C’est en réalité la guerre que la Russie a déclarée à l’Ukraine et les alliances créées – ou en gestation – à la faveur de cette conjoncture qui ont servi de catalyseur à la volonté de refondation de la politique étrangère des États-Unis en Afrique. À cet égard, le récent sommet de Washington s’inscrit dans la vision du sommet de G7 de juillet en Allemagne, à l’issue duquel ses États membres ont décidé d’investir en Afrique, notamment dans les infrastructures, 600 milliards de dollars sur cinq ans, pour faire concurrence à l’initiative chinoise des nouvelles routes de la soie.

L’ombre de Wagner

L’autre pan de ce nouvel échiquier, c’est l’implantation militaire de la Russie en Afrique, au cœur de la chasse gardée d’un allié historique des États-Unis, membre éminent de l’Alliance atlantique, la France. Après la République centrafricaine et le Mali, c’est désormais le Burkina Faso qui aurait donné mandat au groupe Wagner pour la reconquête de son intégrité territoriale.

L’importance des enjeux géostratégiques dans le golfe de Guinée et les rôles clés que tiennent les territoires de ces États dans cette région du monde ne peuvent guère laisser les États-Unis indifférents. Au regard de la nouvelle configuration des pôles de puissance qui se dessinent, l’Afrique, à l’instar de l’espace indopacifique, constituera l’un des théâtres majeurs des luttes d’influence et des batailles hégémoniques à venir.

Transitions démocratiques

Dans cette architecture nouvelle, l’Afrique est-elle vouée à demeurer une simple variable d’ajustement comme durant le siècle dernier ? S’agit-il, pour les États-Unis, de bâtir avec les peuples d’Afrique un nouveau modus operandi autour des valeurs de paix, de justice, de démocratie ? Dans l’une des résolutions du sommet de Washington, les États-Unis ont annoncé un fonds de 75 millions de dollars pour soutenir les « transitions démocratiques complexes ».
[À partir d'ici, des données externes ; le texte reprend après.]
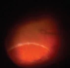 Figure 2. Image showing generous inferior peripheral iridectomy. This patient recovered 20/30 visual acuity after several retinal reattachment surgeries for retinal detachment and proliferative vitreoretinopathy. His silicone oil has been removed. Subtle droplets of silicone oil can be seen on the intraocular lens.
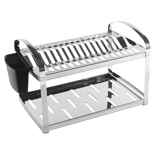 Características Principais e Capacidade: Comporta até 16 pratos de diversos tamanhos e formatos. Estrutura: Possui dois andares; a parte superior é destinada aos pratos e a base inferior é plana para acomodar copos e outros utensílios. Porta-Talheres: Inclui um compartimento removível em plástico polipropileno preto, que facilita a limpeza e organização. Escoamento: O corpo apresenta recortes técnicos que evitam o acúmulo de água e aceleram a secagem higiênica da louça.
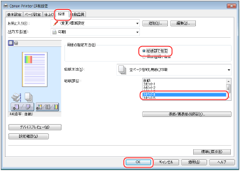 <給紙>タブで下記のように設定し、[OK]をクリックする
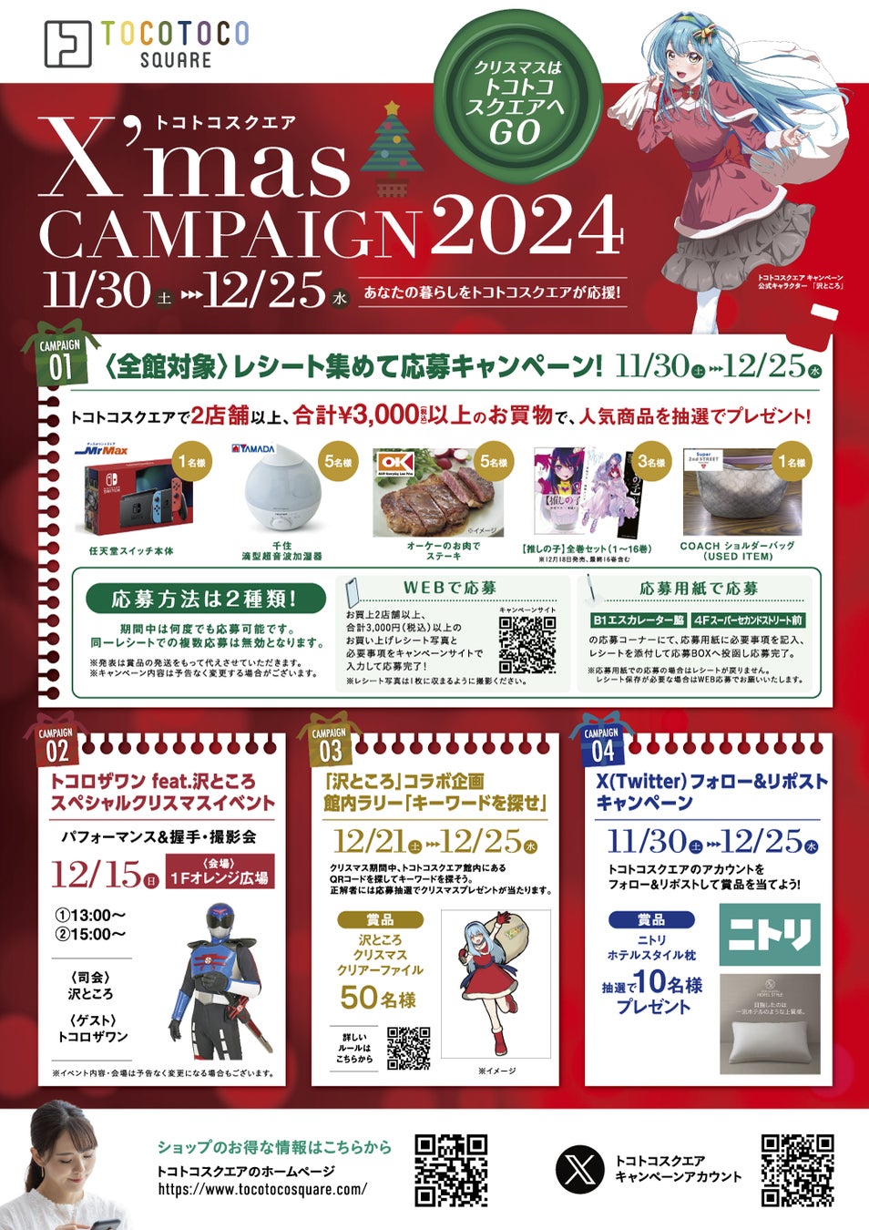 西武鉄道所沢駅西口徒歩6分にあるトコトコスクエア(埼玉県所沢市)は、2024年11月30日(土)から12月25日(水)までの期間、「X'masキャンペーン 2024」を開催いたします。
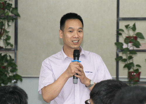 新生入職課程的最后一天,公司高層領導、各子(分)公司總經理與新員工對坐一堂。新員工們向大家分享自己入職后的感受,也將自己心里的疑惑講給領導聽,一對一的交談。新員工們真真切切的感受到了天俱時“平等、尊重、信任、合作、分享”的公司文化。最后,集團副董事長劉松對新員工提出了期望并許下美好祝愿。
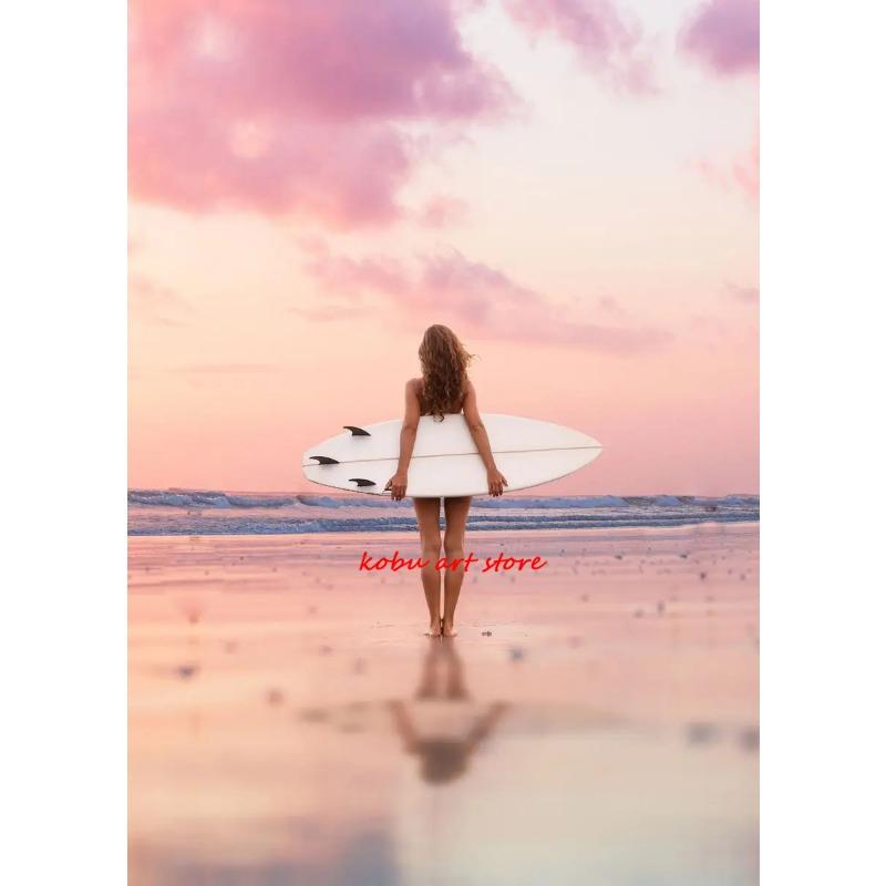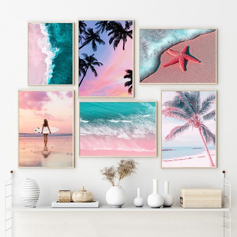 Розовый пляж Океанский пейзаж Холст Живопись Постеры Принты Серфинг Кокосовая пальма Скандинавское настенное искусство Картина для гостиной Домашний декор

On ne peut s’empêcher de relever que, tant dans ses termes de référence que dans sa mise en œuvre, ce projet est aussi nébuleux que la Fondation de l’innovation pour la démocratie annoncée par Emmanuel Macron lors du sommet Afrique-France de Montpellier en octobre 2021 et officiellement lancée à Johannesburg un an plus tard.

Pragmatisme américain

L’histoire diplomatique des États-Unis foisonne de reniements, chaque fois qu’il a fallu garantir ses intérêts stratégiques. Récemment, le retour spectaculaire en grâce de Mohamed ben Salmane dans les petits carnets diplomatiques de Joe Biden, qui l’avait pourtant déclaré infréquentable après l’assassinat du journaliste Jamal Kashogghi, a fini par convaincre ceux qui en doutaient encore que le locataire de la Maison-Blanche est un digne continuateur du pragmatisme américain dans le champ sinueux des relations internationales. Comme en témoigne, par ailleurs, le casting du sommet de Washington.

Les États-Unis vont-ils, comme la Russie et la Chine, se résoudre à une neutralité froide au nom de la souveraineté des peuples à disposer d’eux-mêmes ? Ou feront-ils progresser en Afrique les principes de liberté et de démocratie qu’ils assument comme leurs marqueurs identitaires ?

Les États-Unis devront miser sur la jeunesse africaine, en privilégiant des politiques de coopération décentralisée

C’est en réalité le dilemme de la diplomatie américaine en Afrique pour les prochaines décennies. Autant que faire se peut, ils devront miser sur la jeunesse africaine, en privilégiant des politiques de coopération décentralisée essentiellement tournées vers la valorisation de son immense potentiel créateur. Car c’est de cet immense capital humain qu’émergeront les leaders de demain avec lesquels les États-Unis pourront construire les fondations d’un nouvel espace de civilisation autour de valeurs partagées et d’une vision commune d’un monde confronté à des défis planétaires sans précédent.